::: Data section

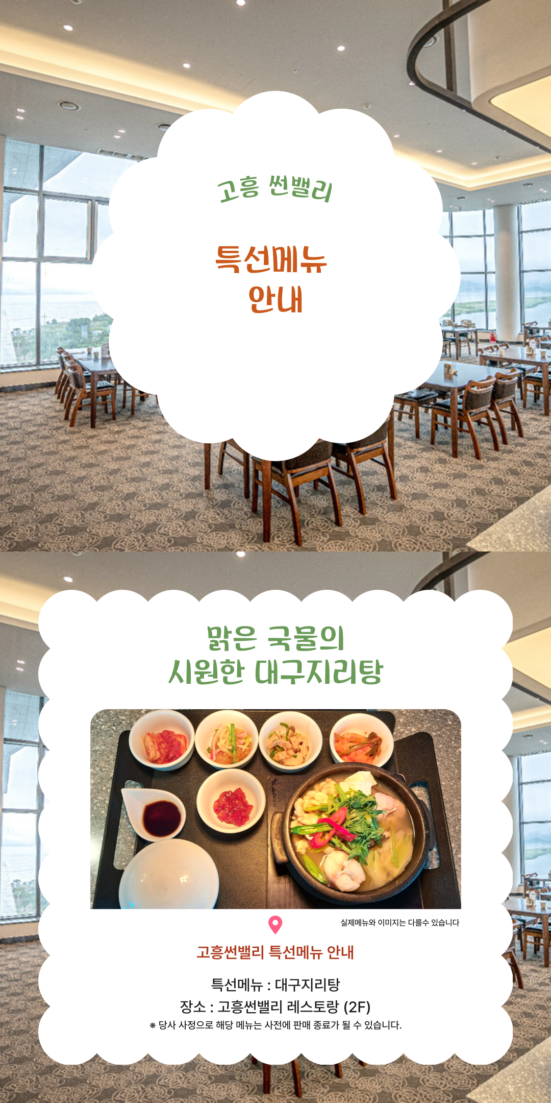 제목고흥썬밸리 특선메뉴 안내 2025-11-12
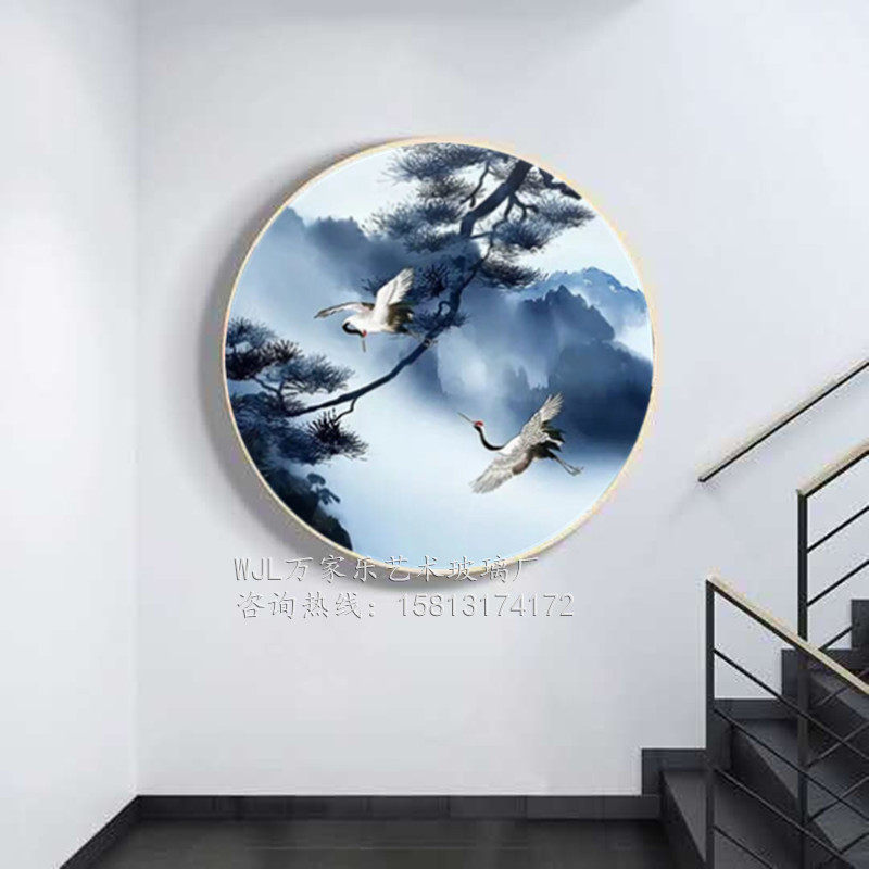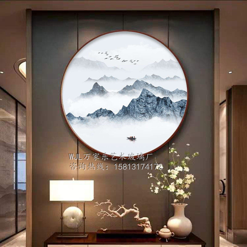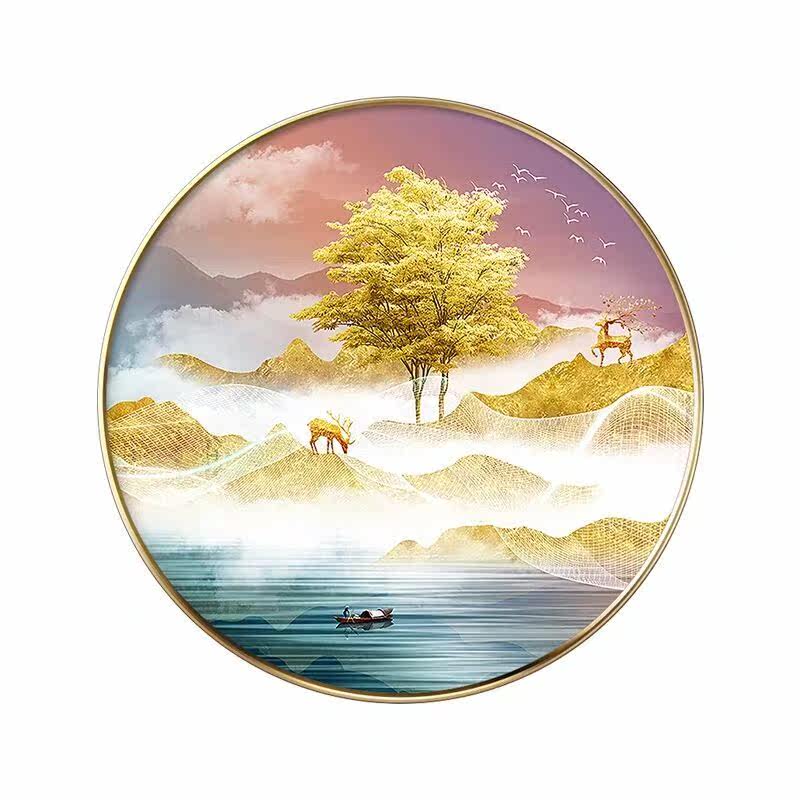 New Chinese 3D Living room Decorative Painting Background Wall Brief modern Tea Room Hanging Painting Book House Landscape Round Art Glass
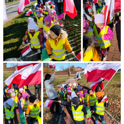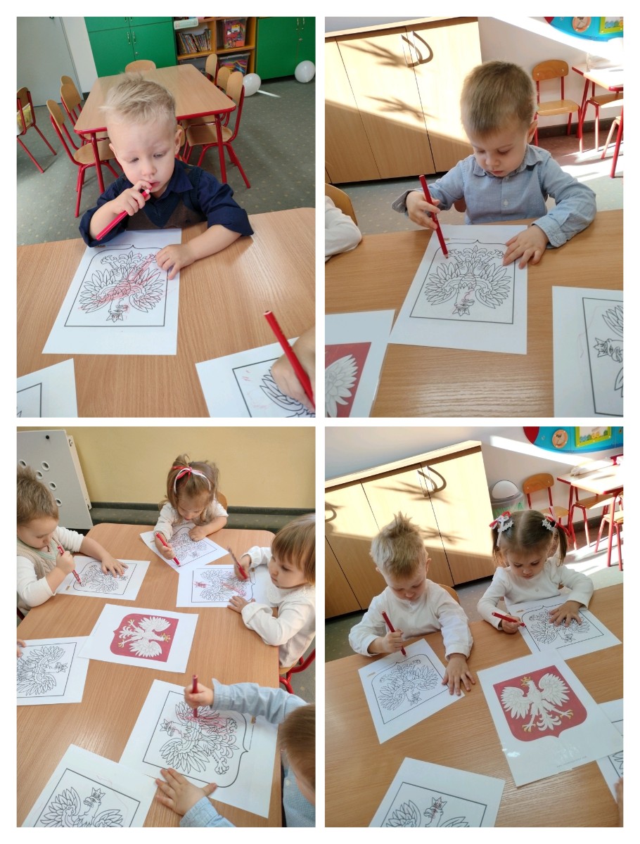 Zdjęcia przedstawiają dzieci podczas tematycznych zajęć z okazji świata 11 listopada
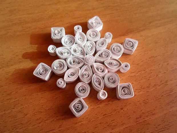 Pegar el borde de las plazas a las bobinas sueltas grandes hecho en el paso 8.
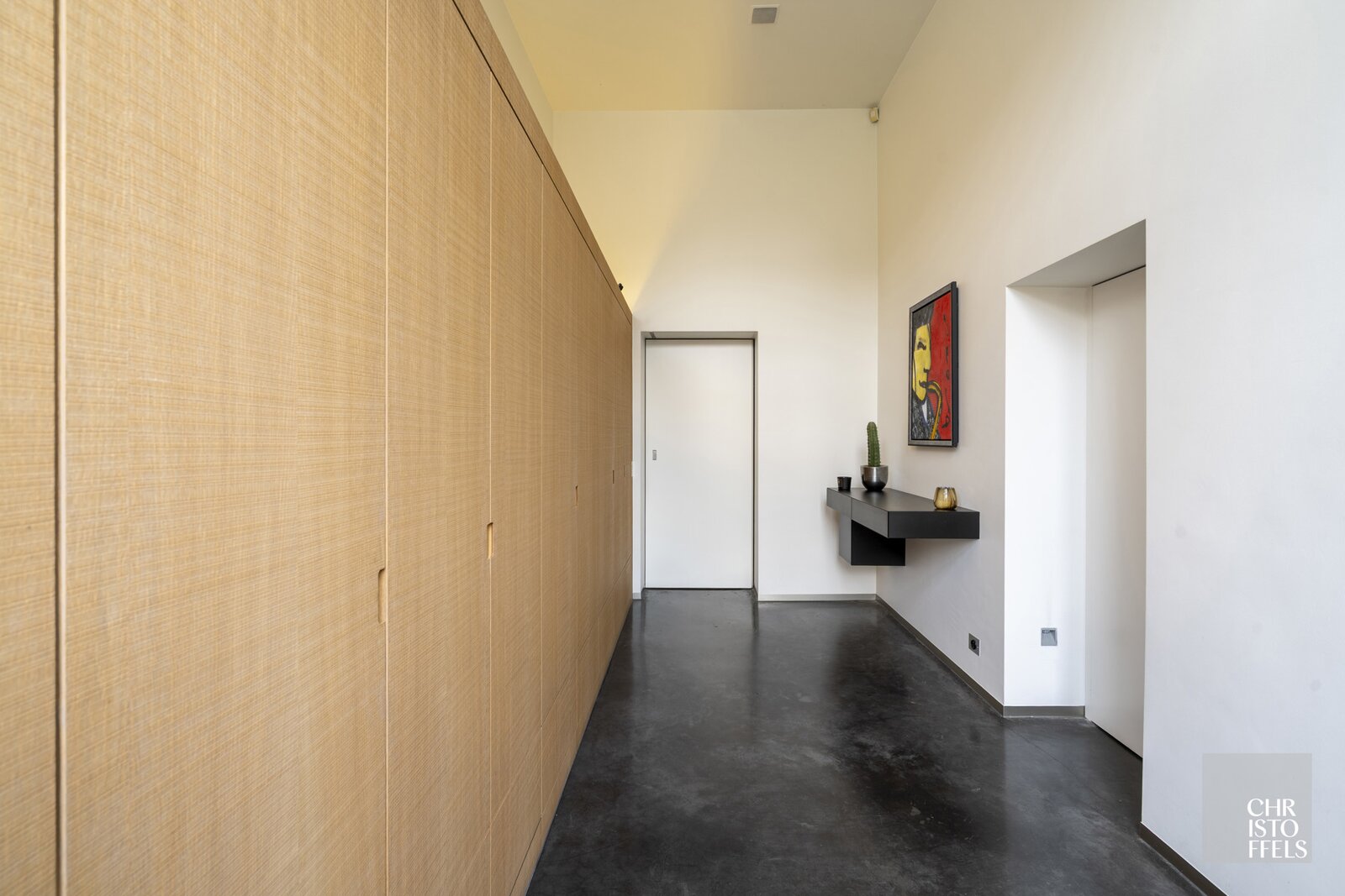 Through the imposing entrance door, you step into the spacious entrance hall. The exceptional ceiling height and large windows provide abundant natural light in every room, creating a magnificent sense of space. The continuous concrete floor with underfloor heating contributes to the stylish unity of the interior.
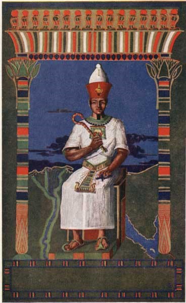 The time is coming on now for the King to go in state to the great temple at Karnak to offer sacrifice, and as we go up to the palace to see him come forth in all his glory, let me tell you a little about him and the kind of life he leads. Pharaoh, of course, is not his real name; it is not even his official title; it is just a word which is used to describe a person who is so great that people scarcely venture to call him by his proper name. Just as the Turks nowadays speak of the "Sublime Porte," when they mean the Sultan and his Government, so the Egyptians speak of "Per-o," or Pharaoh, as we call it, which really signifies "Great House," when they mean the King.
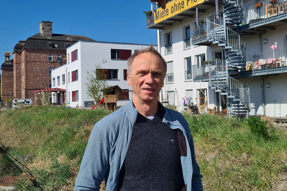 "Es war eine Art Labor für die Stadt, wie Konversionen mit Wohnprojekten neu belebt werden können. Im Grunde sind wir hier die ersten zivilen Bewohner", sagt Günter Bergmann, der 2016 als einer der Ersten auf Turley einzog. In eines von drei gemeinschaftlichen Wohnprojekten: den "Umbau2", ein innovatives Mieterprojekt, das energieeffizientes und bezahlbares Wohnen ermöglicht. "Wir sind sozusagen unsere eigenen Mieter", sagt Bergmann. Denn das viergeschossige Holz-Hybrid-Gebäude ist nicht nur das "größte Holzhaus Mannheims", sondern auch in seiner Finanzierung etwas Besonderes – und Teil des Miethäuser-Syndikats. Das bedeutet, der aufgenommene Kredit wird über die Miete abgedeckt, dafür sind die Bewohner an das Wohnprojekt gebunden. "Die Kaltmiete beträgt 8,50 Euro", verrät Bergmann. Auf der anderen Straßenseite liege sie schon bei rund 14 Euro.
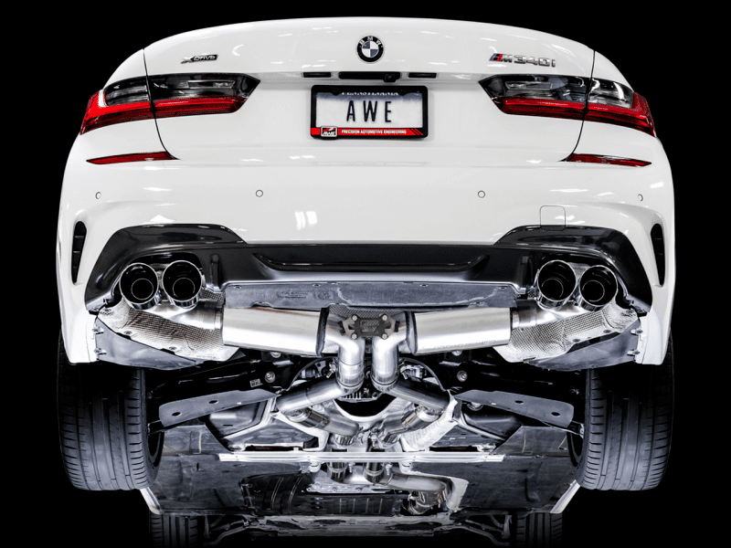 AWE Tuning 2019+ BMW M340i (G20) Resonated Touring Edition Exhaust – Quad Diamond Black Tips

::::::

Assignment: With pictures removed, write out exactly each line of the entries from the first through the line that holds "Through the imposing".

Result:
 제목고흥썬밸리 특선메뉴 안내 2025-11-12
 New Chinese 3D Living room Decorative Painting Background Wall Brief modern Tea Room Hanging Painting Book House Landscape Round Art Glass
 Zdjęcia przedstawiają dzieci podczas tematycznych zajęć z okazji świata 11 listopada
 Pegar el borde de las plazas a las bobinas sueltas grandes hecho en el paso 8.
 Through the imposing entrance door, you step into the spacious entrance hall. The exceptional ceiling height and large windows provide abundant natural light in every room, creating a magnificent sense of space. The continuous concrete floor with underfloor heating contributes to the stylish unity of the interior.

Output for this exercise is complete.